— Work required —
Omit pictures and quote the listing below line by line, from its start through the line that holds "Desmuntatge d'una de".

— Recorded data —

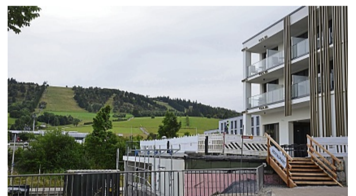
Das Baufundament des „Mountain View“-Hotels nutzen zu können, erleichtert der Brückenbau zwischen Briloner Straße und dem Fuß des Ettelsbergs. WILHELM FIGGE

Die nächsten Entscheidungen über Fördergelder der zuständigen Stellen stehen im September an, danach erst wieder im Frühjahr. Das stelle die Gemeinde vor Zeitdruck, erklärte Trachte: Mit dieser Verzögerung könne es zu Terminkollisionen mit dem Bau der geplanten Gastronomie neben dem B&B-Hotel kommen. Das
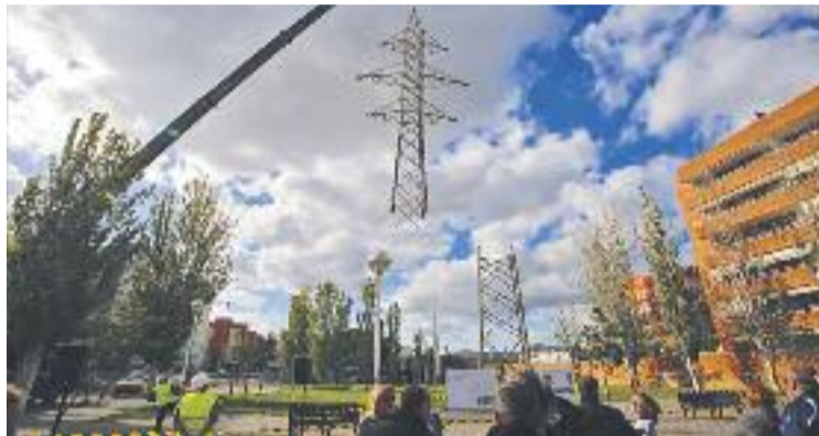
Desmuntatge d'una de les torres d'alta tensió al barri.

Aquesta línia uneix les subestacions elèctriques de Cornellà i Sant Joan Despí i data dels anys 50, és propietat d'Endesa i està constituïda per dos circuits d'alta tensió de 110kV.

— Written reply —
Das Baufundament des „Mountain View“-Hotels nutzen zu können, erleichtert der Brückenbau zwischen Briloner Straße und dem Fuß des Ettelsbergs. WILHELM FIGGE

Die nächsten Entscheidungen über Fördergelder der zuständigen Stellen stehen im September an, danach erst wieder im Frühjahr. Das stelle die Gemeinde vor Zeitdruck, erklärte Trachte: Mit dieser Verzögerung könne es zu Terminkollisionen mit dem Bau der geplanten Gastronomie neben dem B&B-Hotel kommen. Das
Desmuntatge d'una de les torres d'alta tensió al barri.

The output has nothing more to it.